Let the complex numbers $\alpha$ and $\frac{1}{\bar{\alpha}}$ (notice the bar above $\alpha$) lie on the circles $(x-x_0)^2+(y-y_0)^2=r^2$ and $(x-x_0)^2+(y-y_0)^2=4r^2$ respectively. If $z_0=x_0+iy_0$ satisfy $2|z|^2=r^2+2$. What is the value of $|\alpha|$?
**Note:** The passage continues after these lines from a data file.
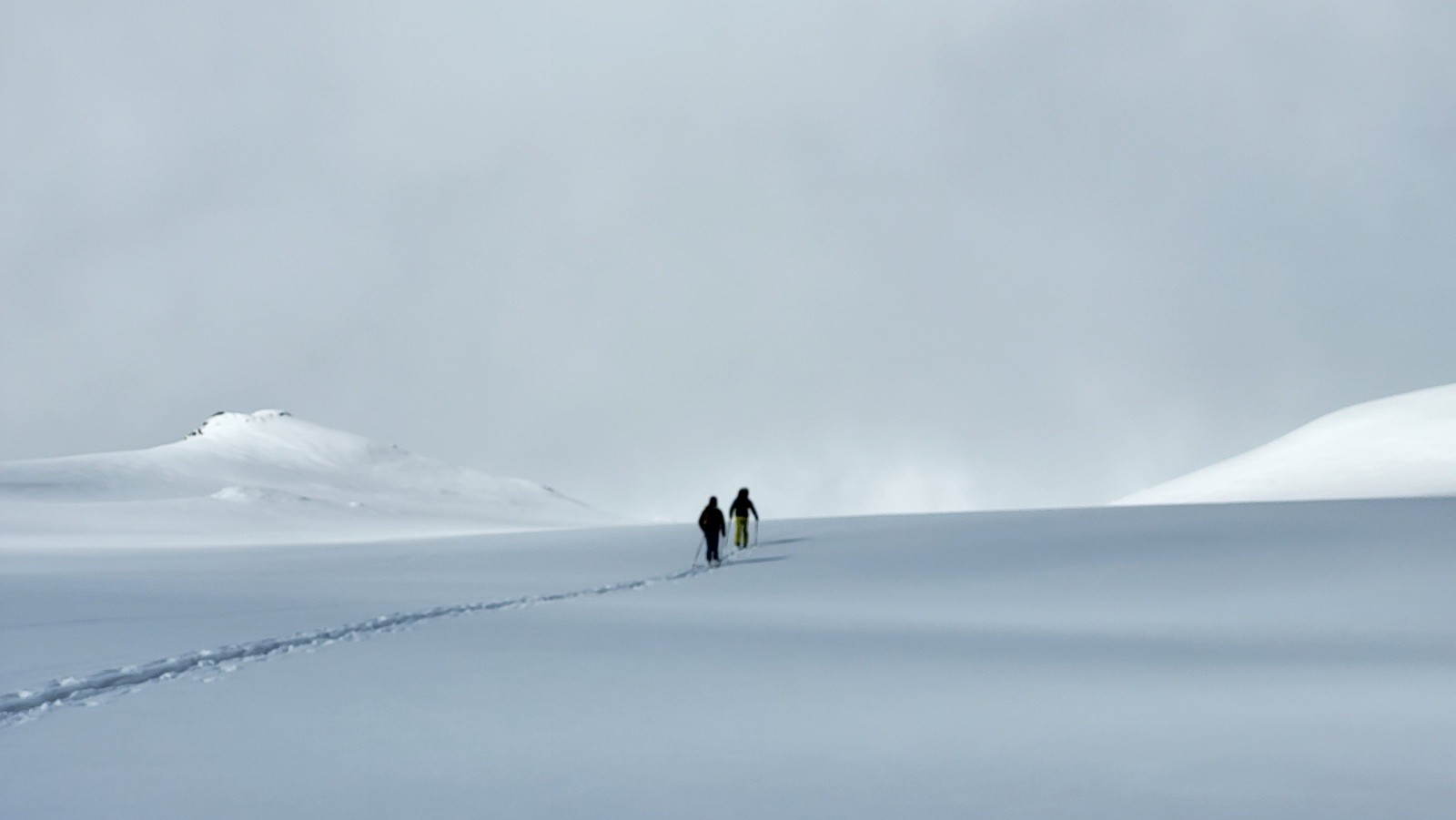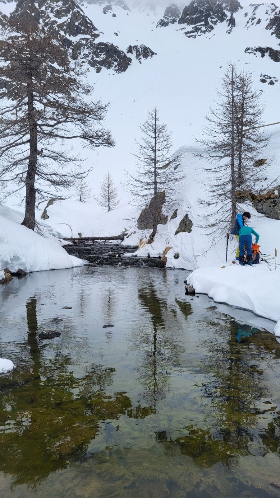 Nous remontons l'Ubaye jusqu'à sa source. C'est très plat, très long mais superbe. Le ciel est embrumé par le sable du Sahara rendant l'ambiance un peu surnaturelle. Personne en vue sur 11 km. Au col de la Noire, nous retrouvons la civilisation. Superbe descente plein nord, 30/40 cm de poudre froide. Nous arrivons juste à l'heure pour se commander une bonne omelette en guise de repas. Ça nous change de notre habituel combo pain rassis-saucisson-tomme !
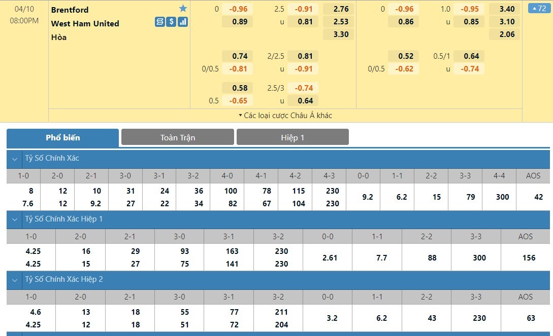 Soi kèo tài xỉu, kèo tỷ số Brentford vs West Ham
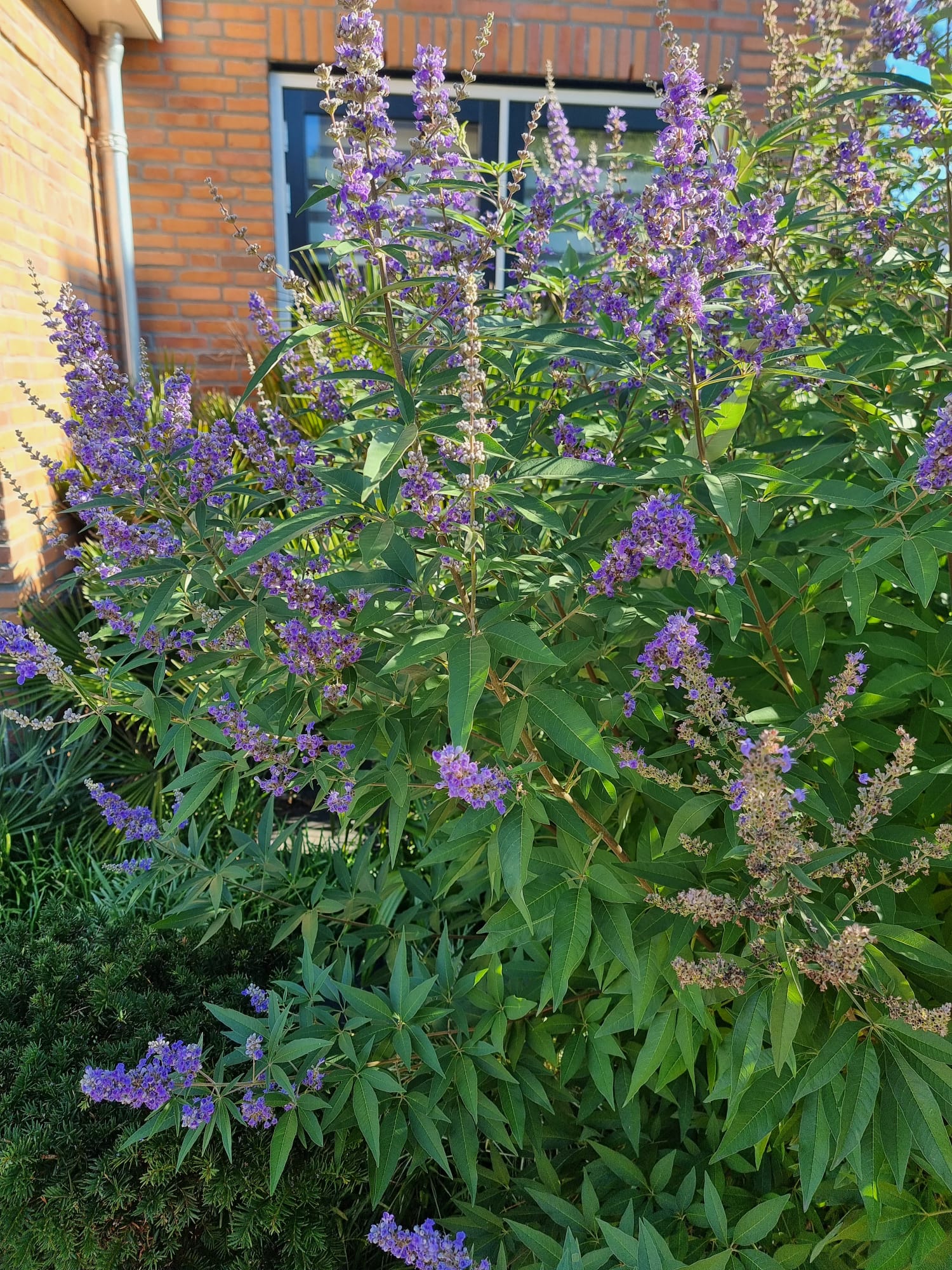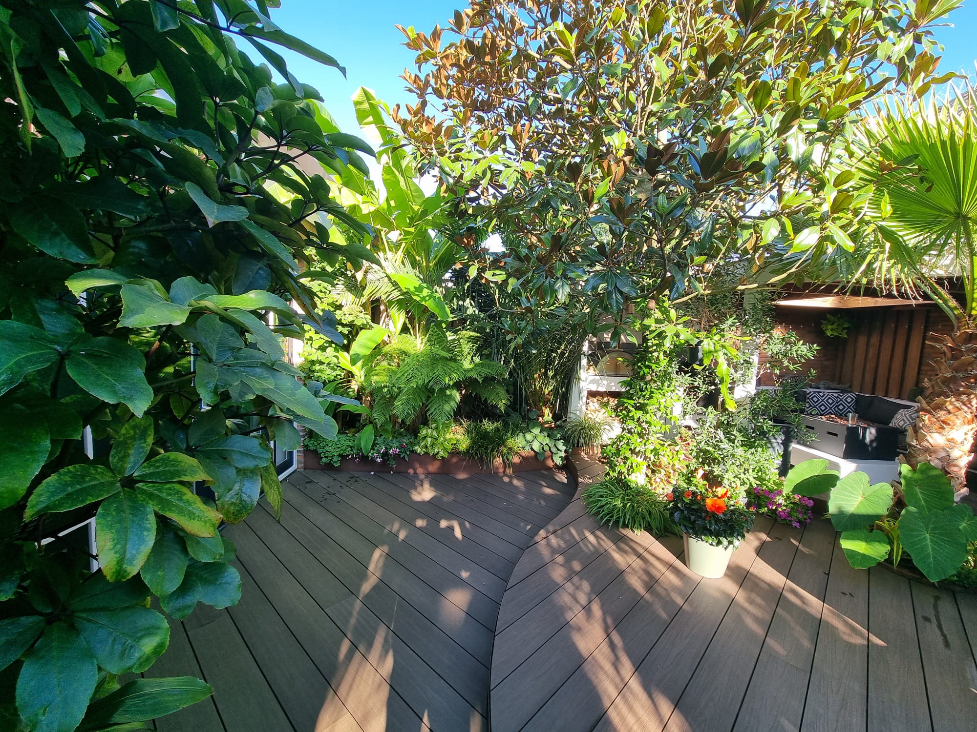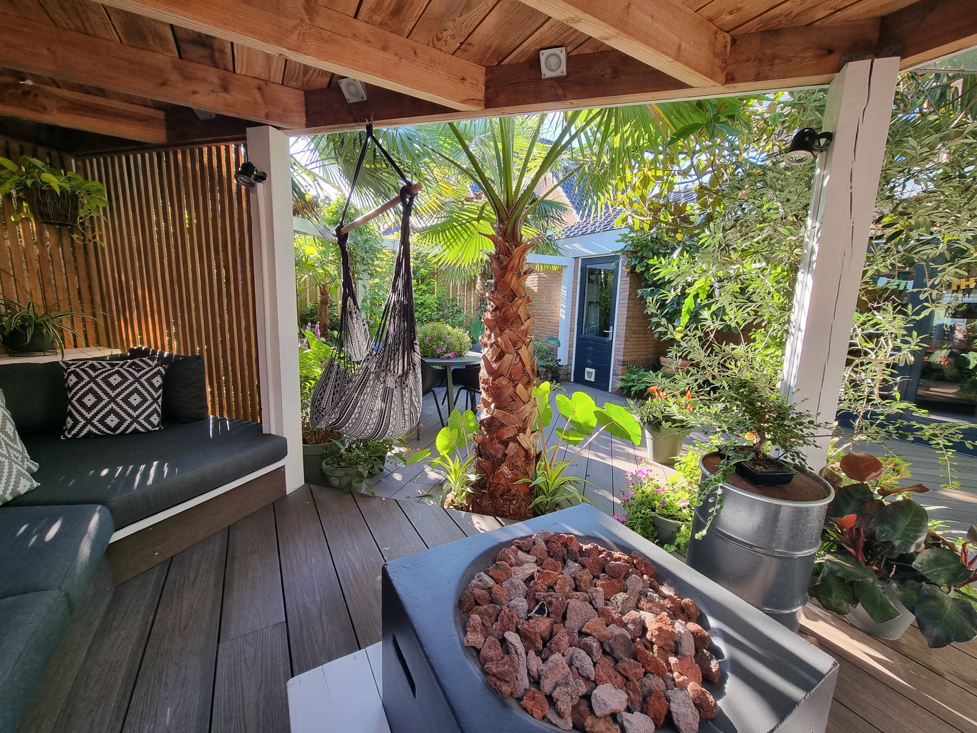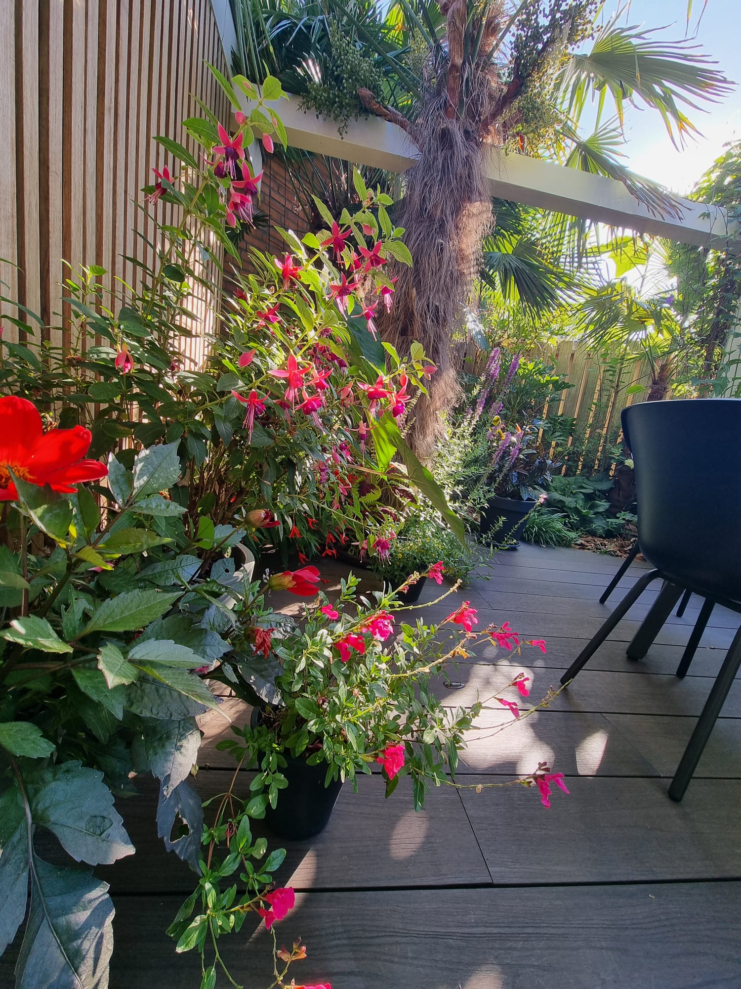 Inmiddels zijn we vijf jaar verder. Als ik dit topic zo doorlees dan is er veel veranderd. De tuin heeft drie jaar geleden een complete make-over gekregen, maar heel veel palmen staan nog op dezelfde plek als voorheen. Alleen zijn deze minimaal 1,5 m hoger geworden Trachycarpus fortunei, princeps, princeps New Form, ukrhulensis, wagnerianus) of 20-30 cm dikker (Phoenix, Jubaea) of drie keer voller (Chamaerops, Thritrinax, Rhapidophyllum). Het blijft een uitdaging zoveel soorten te herbergen in een relatief kleine tuin en het toch ruimtelijk te houden. Nu ik bij de trachcarpussen onder de kroon door kan lopen met mijn 2 m, schept dat geleidelijk ruimte voor andere soorten. Groot voordeel is dat bescherming ook redelijk goed te regelen is als alles zo dicht bij elkaar staat. Ik ben er ook best trots op dat ik in al die jaren eigenlijk geen verliezen heb. Alles komt in de regel netjes uit de bescherming en dat zie je ook terug in de groei. Veel van wat je ziet op de foto's staat in de vollegrond, op een aantal bloeiende planten in kuipen na. Het zijn dan wel geen septemberplaatjes, maar augustus is al een heel eind voorbij en nu heb ik even tijd.
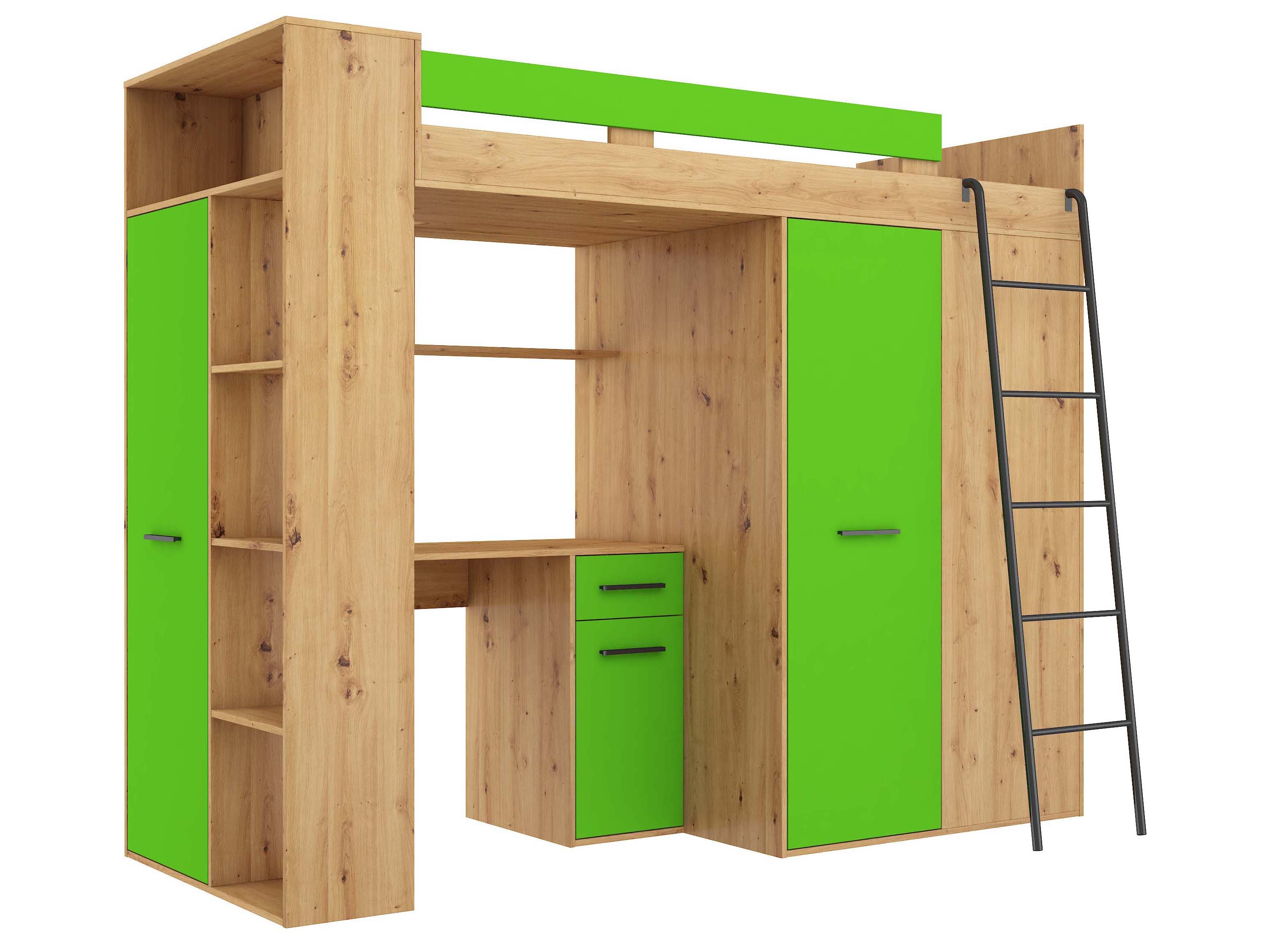 Emeletes ágy 90 cm Vivian (J) (ágyráccsal) (artisan tölgy + zöld)

I tried to represent the information given graphically and found that the two circles are concentric. Also the two given complex numbers lie on the same straight line since their arguments are the same. I do not understand how to proceed further. How do I solve this question?

Answer 1

If we write $\;\alpha=a+ib\,,\,\;a,b\in\Bbb R\;$ , then

$$\frac1{\overline\alpha}=\frac1{a-ib}=\frac{a+ib}{a^2+b^2}=\frac\alpha{a^2+b^2}$$

and then we get: $\;\alpha\;$ is on the first circle and $\;\frac1{\overline\alpha}\;$ is on the second one:

$$\begin{cases}(i)\;\,\;\;(a-x_0)^2+(b-y_0)^2=r^2\\{}\\(ii)\;\;\left(\cfrac a{a^2+b^2}-x_0\right)^2+\left(\cfrac b{a^2+b^2}-y_0\right)^2=4r^2\end{cases}$$

and we're also given that $\;2(x_0^2+y_0^2)=r^2+2\;$ , then we need quite a few substitutions and stuff:

$$(i)\;\;a^2+b^2-2(ax_0+by_0)+\overbrace{x_0^2+y_0^2}^{=\frac12r^2+1}=r^2\implies a^2+b^2-2(ax_0+by_0)=\frac12r^2-1$$

But also

$$(ii)\;\;\frac{a^2+b^2}{(a^2+b^2)^2}-2\left(\frac{ax_0+by_0}{a^2+b^2}\right)+\overbrace{x_0^2+y_0^2}^{=\frac12r^2+1}=4r^2\implies \frac{a^2+b^2}{(a^2+b^2)^2}-2\left(\frac{ax_0+by_0}{a^2+b^2}\right)=\frac72r^2-1$$

And from here we get that

$$\begin{cases}(i)\implies-2(ax_0+by_0)=\cfrac12r^2-1-a^2-b^2\\{}\\ (ii)\implies-2(ax_0+by_0)=\left[\cfrac72r^2-1- \cfrac{a^2+b^2}{(a^2+b^2)^2}\right](a^2+b^2)=\cfrac{7r^2-2}2(a^2+b^2)-1\end{cases}$$

and comparing right sides:

$$\left(\frac72r^2-1\right)(a^2+b^2)-1=\frac12r^2-1-a^2-b^2\implies\frac72r^2(a^2+b^2)=\frac12r^2\implies...$$

Finish now the argument.

Answer 2

Notation. To simplify my TEX job, let $i$ be the imaginary unit, $\alpha := a + b i$ and $z := x + y i$.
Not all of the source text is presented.